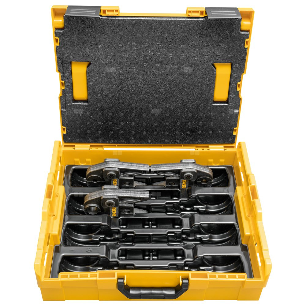 Zestaw cęgów zaciskowych REMS. Cęga zaciskowa REMS (PZ-2B) z 2 obrotowymi mono-blokowymi szczękami. O dużej obciążalności z kutej, ciągliwo-twardej i odpowiednio hartowanej stali specjalnej. Kontury zaciskowe są specyficzne dla każdego systemu i odpowiadają konturom poszczególnych systemów zaciskowych. Zapewnia to bezproblemową zgodność i pewne zaciskanie. Napęd przez prasy promieniowe REMS 32 kN i odpowiednie prasy promieniowe innych producentów o sile posuwu 32 kN. W skrzynce systemowej L-Boxx.
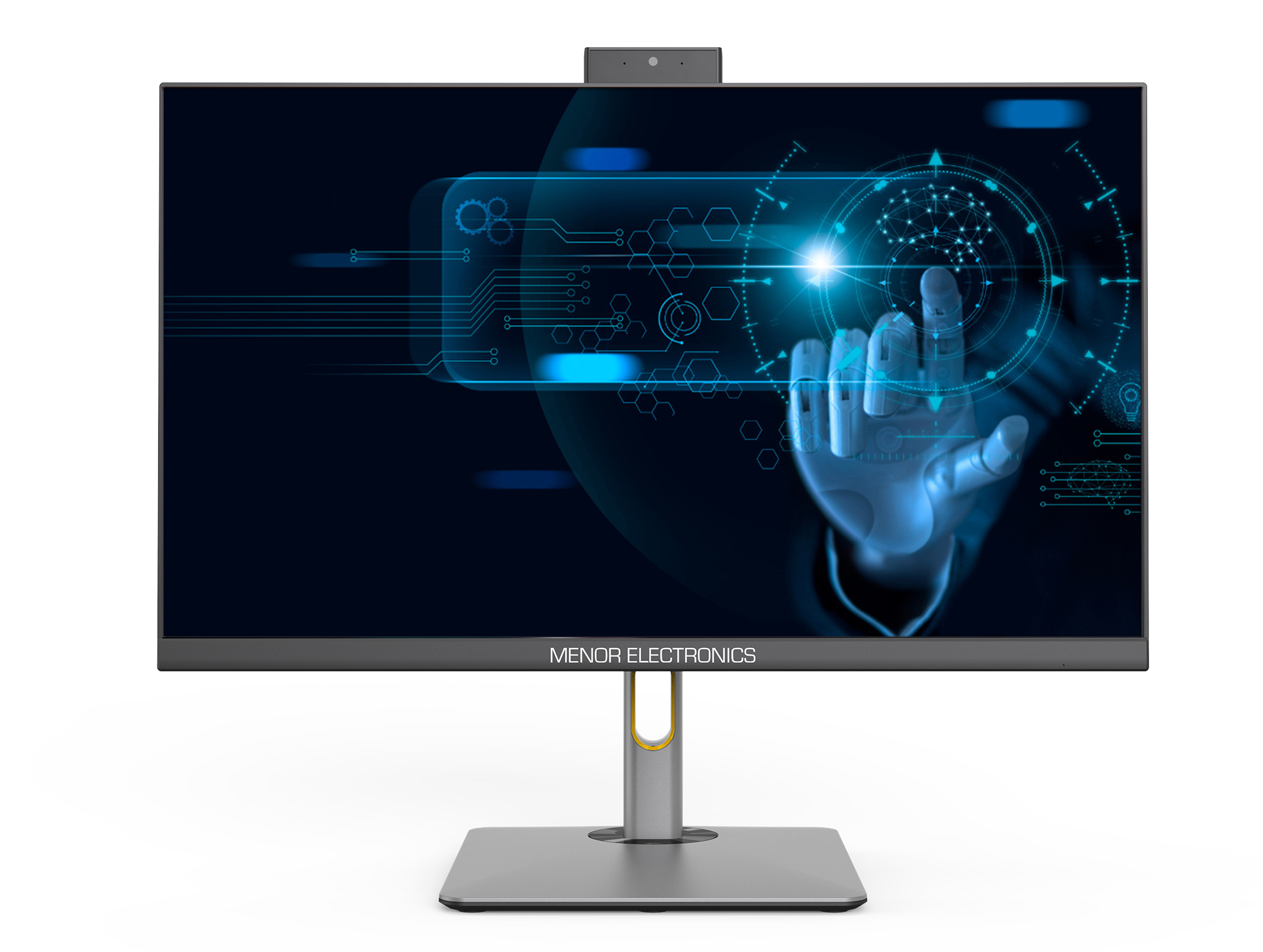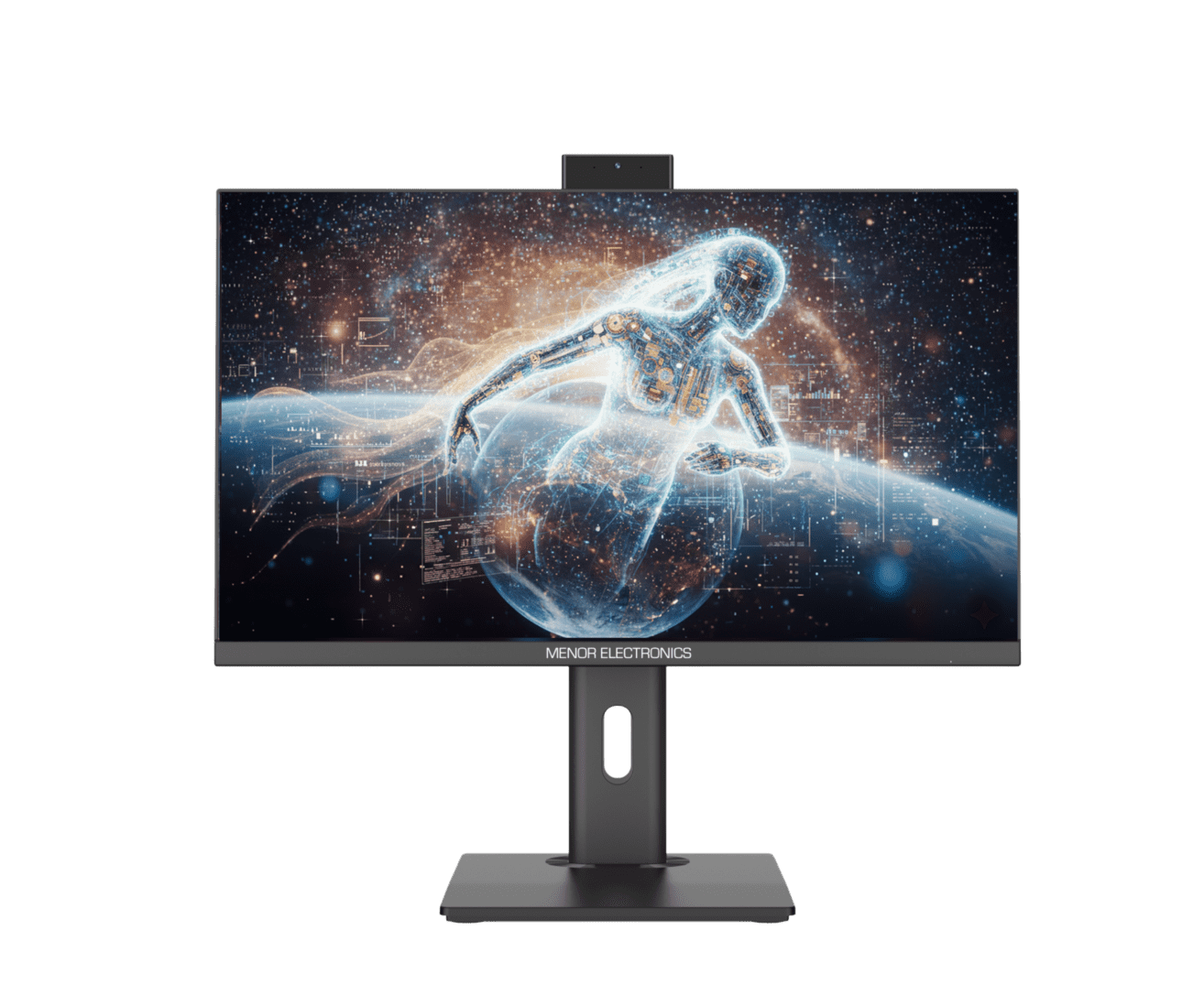 A tela ampla, envolta por uma moldura ultrafina, proporciona uma experiência imersiva, enquanto a base sólida oferece estabilidade, com um toque de elegância. A palete de cores em cinza e preto do All-in-One Celeste evoca um senso de serenidade e poder, destacando-se em qualquer ambiente.
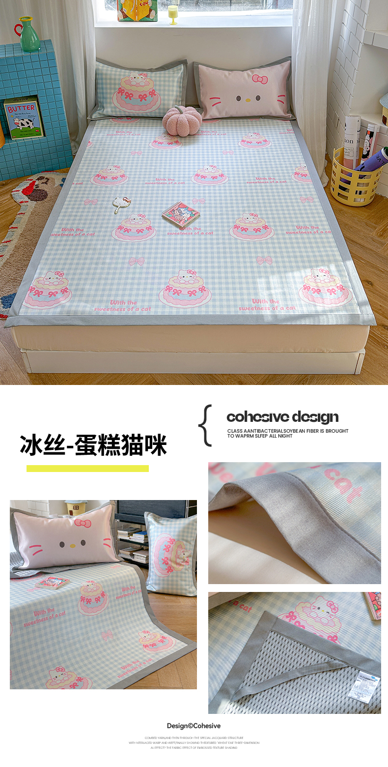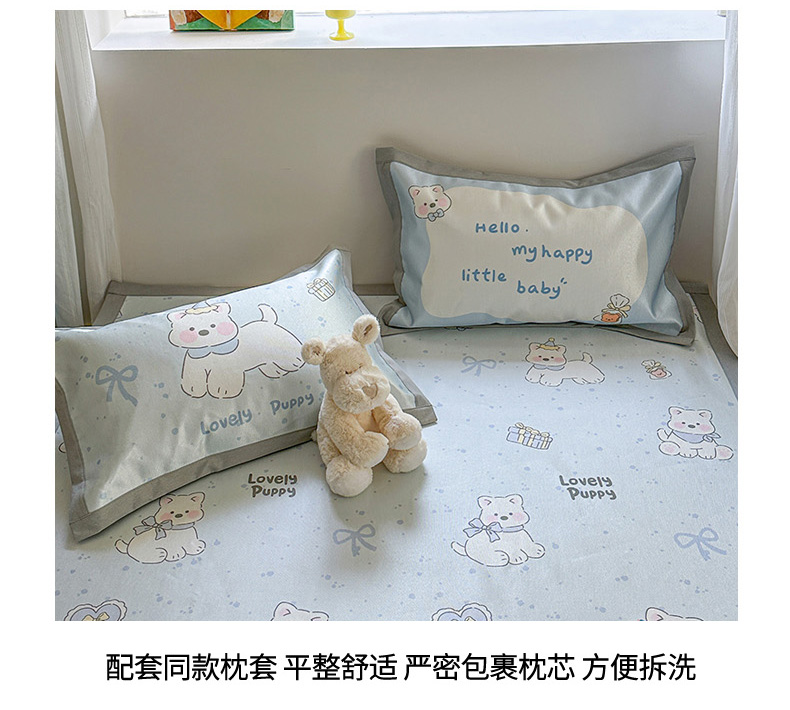 商品名称:沐慕 2025新款时尚数码印花600D冰丝凉席系列 冰丝-西高地蓝
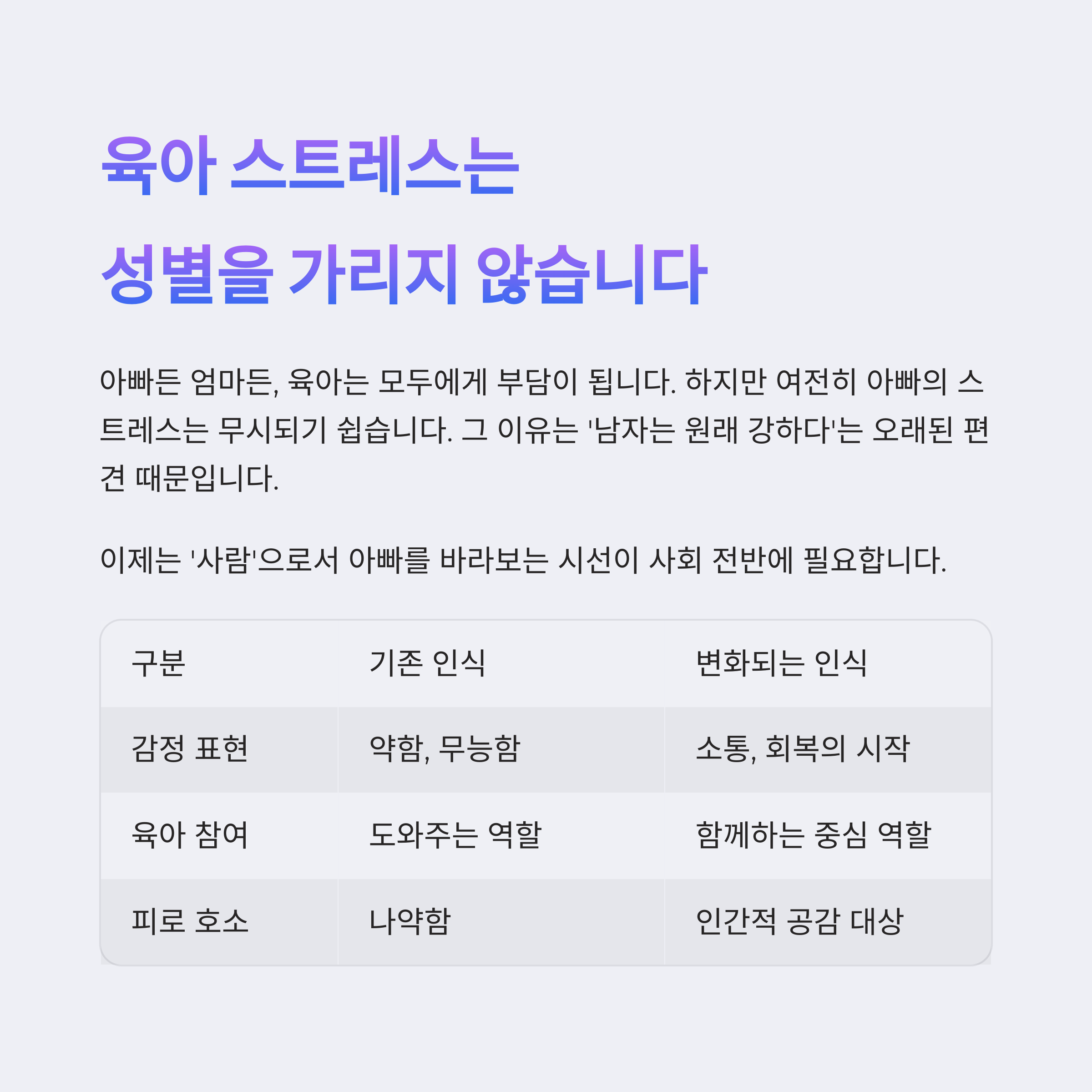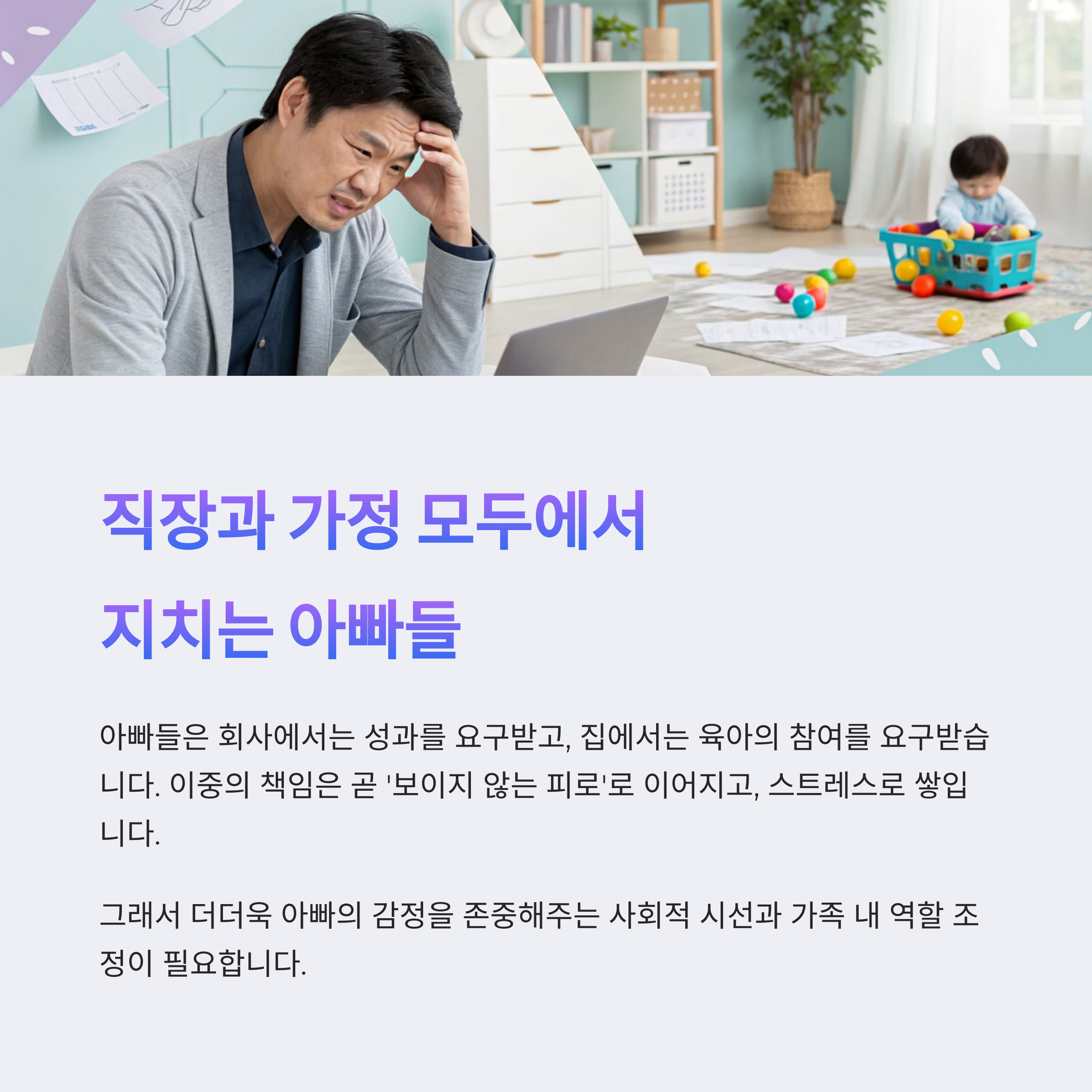 이제는 아빠의 스트레스 역시 공감하고, 존중받아야 한다는

◇ ◇ ◇ ◇ ◇

_The problem_. Your answer must be an exact copy of the lines from the one with "商品名称:沐慕 2025新款时尚数码印花600D冰丝凉席系列 冰丝-西高地蓝" through the final line of the data, both included, without any pictures.

_Written reply_.
 商品名称:沐慕 2025新款时尚数码印花600D冰丝凉席系列 冰丝-西高地蓝
 이제는 아빠의 스트레스 역시 공감하고, 존중받아야 한다는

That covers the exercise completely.